[WHAT IS EXPECTED] Your task is to transcribe the data exactly while omitting each picture.
------ DATASET CONTENT
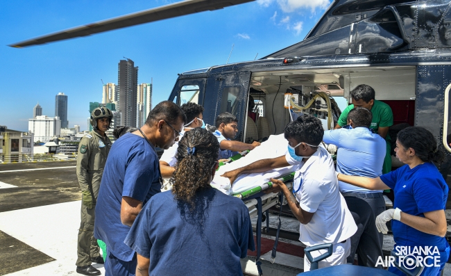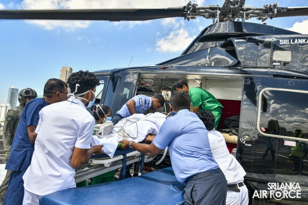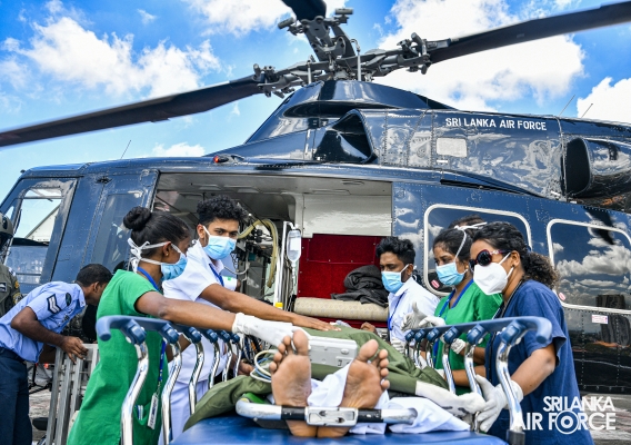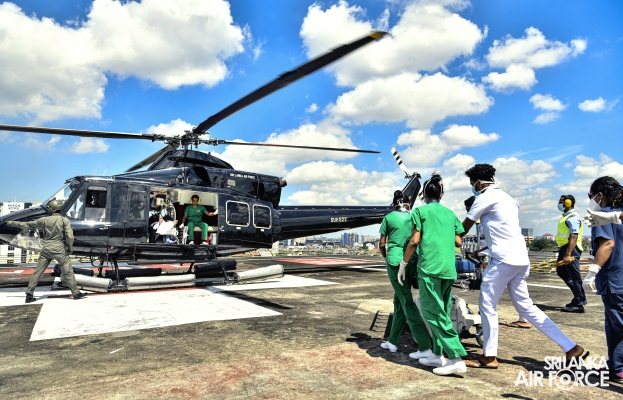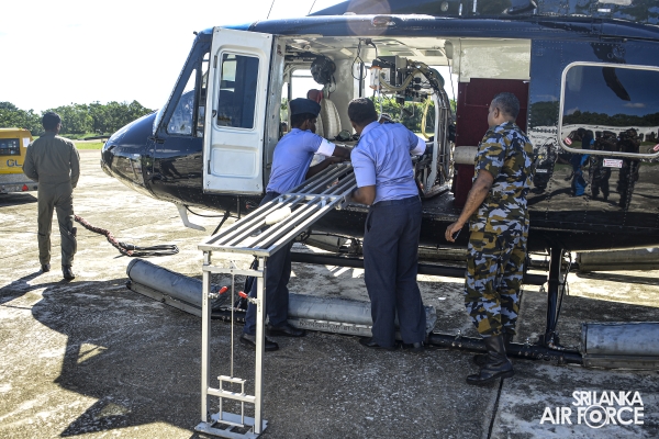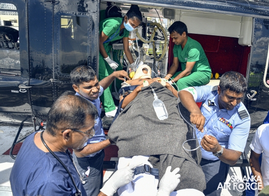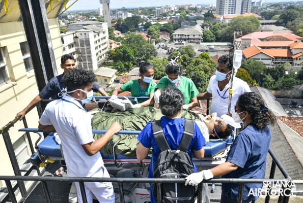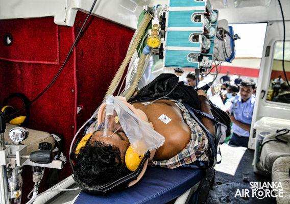 This exercise demonstrated the patient handing over and taking over procedure and steps in an Aero Medical Evacuation and Transportation. The Bell 412 with the Medivac Kit from the No. 4 Squadron has used for this exercise. The simulation flight with a patient was taken off from SLAF Base Anuradhapura and landed on the Helipad of the National Hospital Sri Lanka. The team comprised with SLAF Aviation Medivac teams and Doctors and Intensive teams of the National Hospital Colombo.
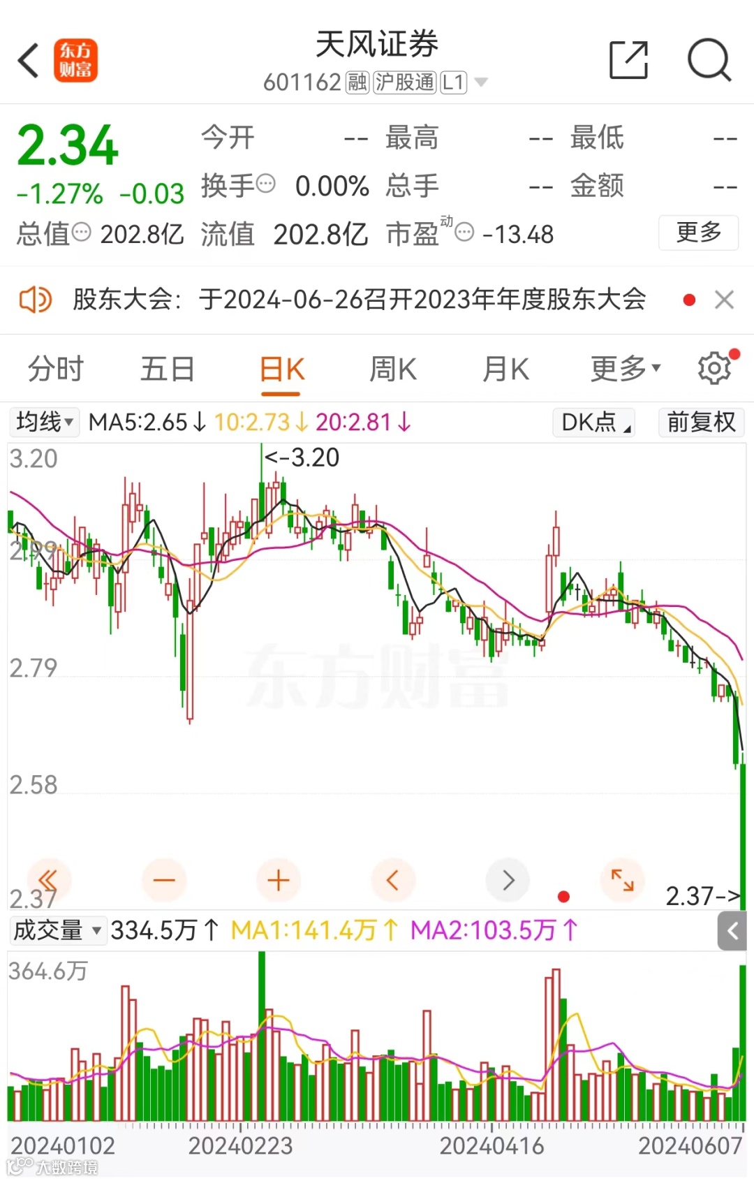 6月7日,天风证券股价午间收盘前突然跳水跌停,午后开盘虽然几度打开跌停,但最终空方力量占据主导,收盘报2.37元/股,跌幅达9.89%。
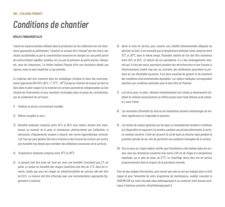VADEMECUM sur notre site web www.italianaparquet.it ou contacter notre bureau tech-
------------
[FINISHED TASK]
 This exercise demonstrated the patient handing over and taking over procedure and steps in an Aero Medical Evacuation and Transportation. The Bell 412 with the Medivac Kit from the No. 4 Squadron has used for this exercise. The simulation flight with a patient was taken off from SLAF Base Anuradhapura and landed on the Helipad of the National Hospital Sri Lanka. The team comprised with SLAF Aviation Medivac teams and Doctors and Intensive teams of the National Hospital Colombo.
 6月7日,天风证券股价午间收盘前突然跳水跌停,午后开盘虽然几度打开跌停,但最终空方力量占据主导,收盘报2.37元/股,跌幅达9.89%。
VADEMECUM sur notre site web www.italianaparquet.it ou contacter notre bureau tech-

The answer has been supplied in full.